Allah’ın isimlerinden (esmâ-i hüsnâ) biri.

Sözlükte “saymak, hesap etmek” anlamına gelen husbân (hisâb) masdarından sıfat olup “her şeyi saymışçasına bilen, hesaba çeken” demektir. Hasîb, ayrıca “asaletli ve şerefli olmak” anlamındaki haseb masdarıyla bağlantılı olarak “yüce ve şerefli” mânasına geldiği gibi if‘âl babındaki kullanılışından hareketle “yeten, kâfi gelen” anlamında da kabul edilebilir. Arap dili âlimi Zeccâc, Allah’ın hasîb ismine “kullarına yeten” mânasını verdikten sonra kelimenin “mahsûb” (lutuf ve ihsanları sürekli olarak hesap edilen) anlamına da gelebileceğini söyler (Tefsîru esmâǿillâhi’l-ĥüsnâ, s. 49). İbn Manzûr da, “Allah her şeyin hesabını arayandır” (en-Nisâ 4/86) meâlindeki âyeti örnek göstererek hasîb ismine “her şeyi yeterince bilen, koruyan, ceza veya mükâfat olarak karşılığını veren” şeklinde anlam vermiştir (Lisânü’l-ǾArab, “ĥsb” md.).

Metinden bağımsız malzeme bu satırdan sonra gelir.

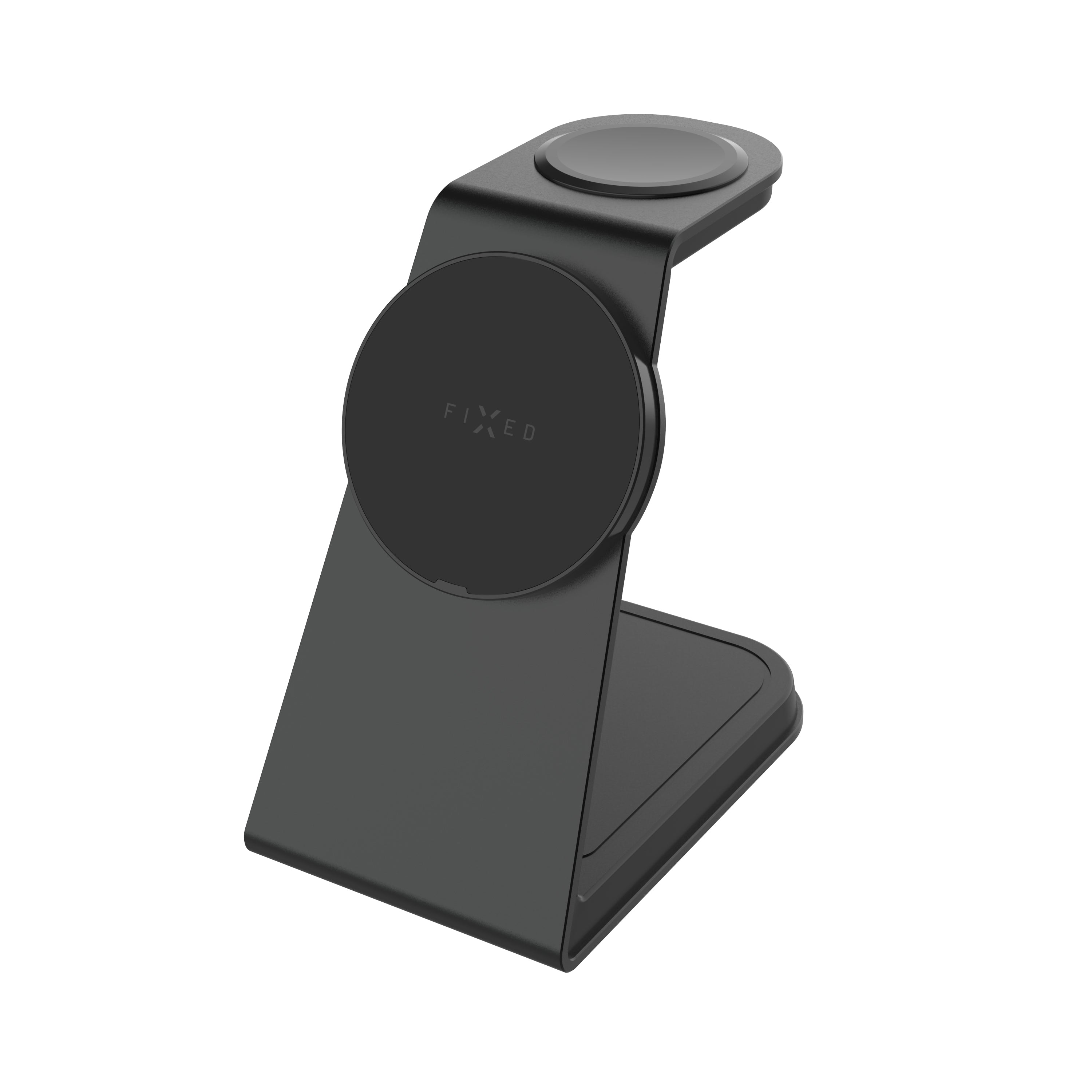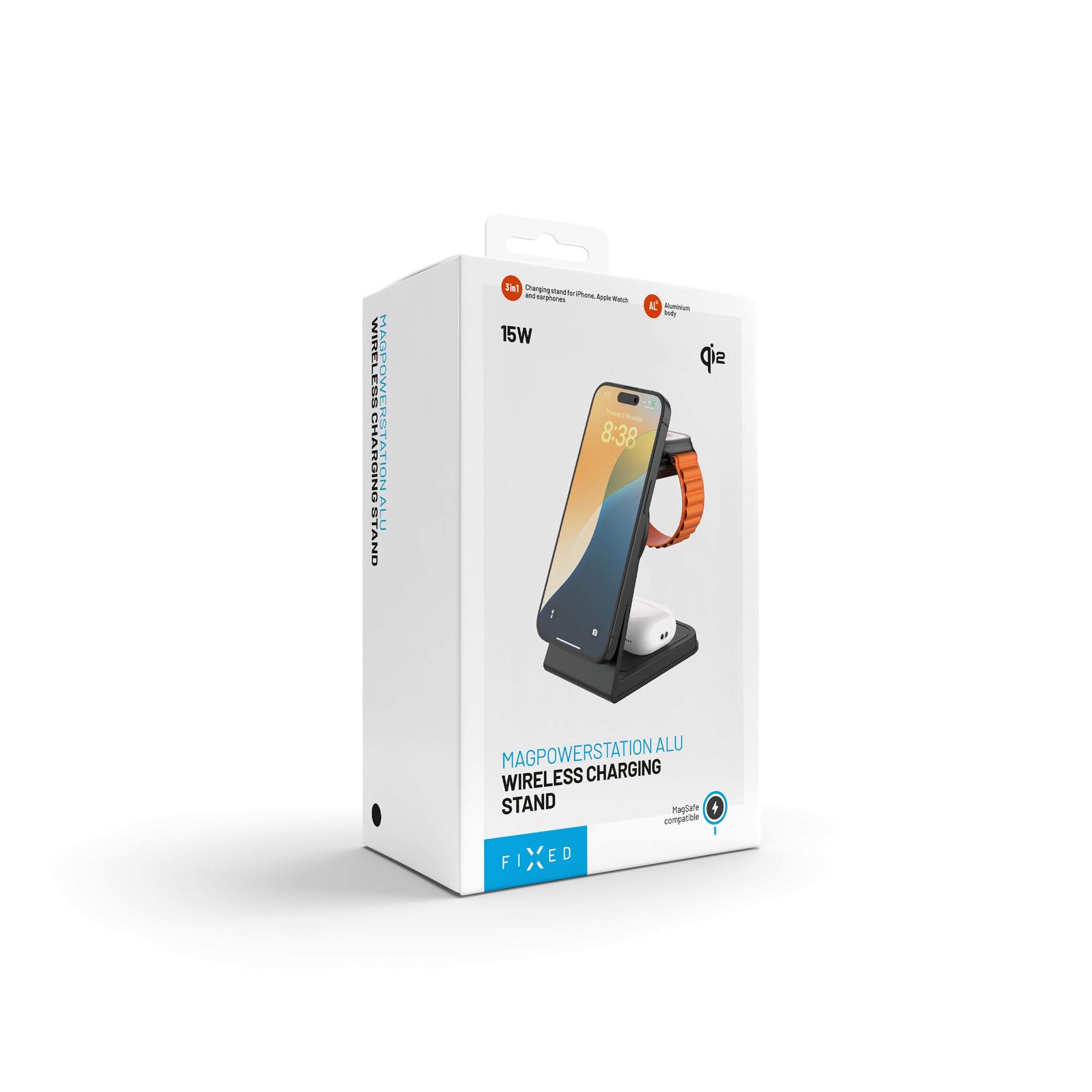 Bezprzewodowa podstawka ładująca FIXED MagPowerstation Alu 2 to eleganckie i funkcjonalne rozwiązanie do codziennego ładowania nawet trzech urządzeń jednocześnie. Umożliwia wygodne ładowanie telefonu z obsługą MagSafe, słuchawek bezprzewodowych i smartwatchy w jednym miejscu. Wystarczy położyć telefon na owalnej powierzchni ładującej, gdzie dzięki silnym magnesom automatycznie się przyklei i rozpocznie bezprzewodowe ładowanie z mocą do 15 W. Główna powierzchnia wykorzystuje najnowszą technologię Qi2, która zapewnia szybkie i wydajne ładowanie. Druga powierzchnia ładująca przeznaczona jest do AirPodsów lub innych słuchawek bezprzewodowych, które ładują się z mocą 3,5 W, trzecia służy do ładowania Apple Watch z mocą 2,5 W. Konstrukcja podstawki wykonana jest z wysokiej jakości szczotkowanego stopu aluminium w nowoczesnym odcieniu, który idealnie komponuje się z designem produktów Apple. Wszystkie powierzchnie ładujące pokryte są miękką silikonową powłoką, która chroni urządzenie przed zarysowaniami. Antypoślizgowe podkładki na spodzie zapewniają stabilność podstawki na różnych rodzajach powierzchni. Zasilanie odbywa się poprzez złącze USB-C. Aby uzyskać pełną wydajność, zaleca się korzystanie z zasilacza o mocy co najmniej 30 W PD 3.0 (zasilacz nie jest dołączony do zestawu).

Husbân kavramı Kur’ân-ı Kerîm’in otuz yedi âyetinde Allah’a izâfe edilmiştir. Bunlardan yirmi yedi âyette fiil veya isim kalıbında olup “hesaba çekmek” mânasındadır. Yedisi mütekellim, gāib veya muhatap zamirlerine muzaf olmuş hasb isminden, üçü de hasîb kelimesinden ibaret olup “yetmek, kâfi gelmek” anlamında kullanılmıştır (bk. M. F. Abdülbâkī, el-MuǾcem, “ĥsb” md.). İbnü’l-Cevzî, Kur’an’da çokça zikredilen hisâb kelimesinin Allah’a nisbet edildiği âyetlerde “kâfi gelmek, hesaba çekmek, amelinin karşılığını vermek” anlamlarına geldiğini söyler (Nüzhetü’l-aǾyün, s. 250-251; ayrıca bk. HİSÂB). Kifâyet mânası ifade eden hasb kelimesi, inkârcıların ve münafıkların İslâm dini ile mensupları aleyhine sinsi faaliyetlerine karşı Hz. Peygamber’in ve müminlerin mânevî güçlerini korumalarını, ümitlerini yitirmemelerini ve Allah’ın kendilerini savunup koruyacağı şuurunu zinde tutmalarını tavsiye eden âyetler içinde yer alır. Bir âyette de (et-Talâk 65/2-3) eşler arasında anlaşmazlık ortaya çıktığında tarafların, özellikle erkek tarafının âdilâne ve insanî duygularla davranması emredilmekte ve Allah’ın kendisine tevekkül eden kimseye yeteceği belirtilmektedir. Hasîb isminin yer aldığı üç âyetin birinde (en-Nisâ 4/6), yetim mallarını elinde bulunduranların dürüst davranmalarının gerektiği anlatıldıktan sonra her şeyi en küçük ayrıntılarına varıncaya kadar bilen Allah’ın bütün davranışların hesabını soracağı ifade edilmektedir. Diğer âyette (en-Nisâ 4/86) görgü kurallarından selâmlaşma konusu üzerinde durulmakta ve bir kimseye verilen selâmın samimi bir ilgiyle cevaplandırılması gerektiği vurgulanmakta, ardından da Allah’ın her şeyin hesabını soracağı bildirilmektedir. Fahreddin er-Râzî’nin de işaret ettiği gibi her iki âyette yer alan hasîb ismi hem hesap soran hem de kendine kâfi gelen mânalarını taşımaktadır (Mefâtîĥu’l-ġayb, IX, 200; X, 222). Üçüncü âyette ise (el-Ahzâb 33/39) başta peygamberler olmak üzere ilâhî emirleri insanlara tebliğ edenlerin Allah’tan başka kimseden korkmadıkları, zira Cenâb-ı Hakk’ın herkese kâfi geldiği belirtilmektedir. Bu âyetteki hasîb isminde “yeten, kâfi gelen” mânası galiptir (Taberî, XXII, 12; Beyzâvî, III, 385).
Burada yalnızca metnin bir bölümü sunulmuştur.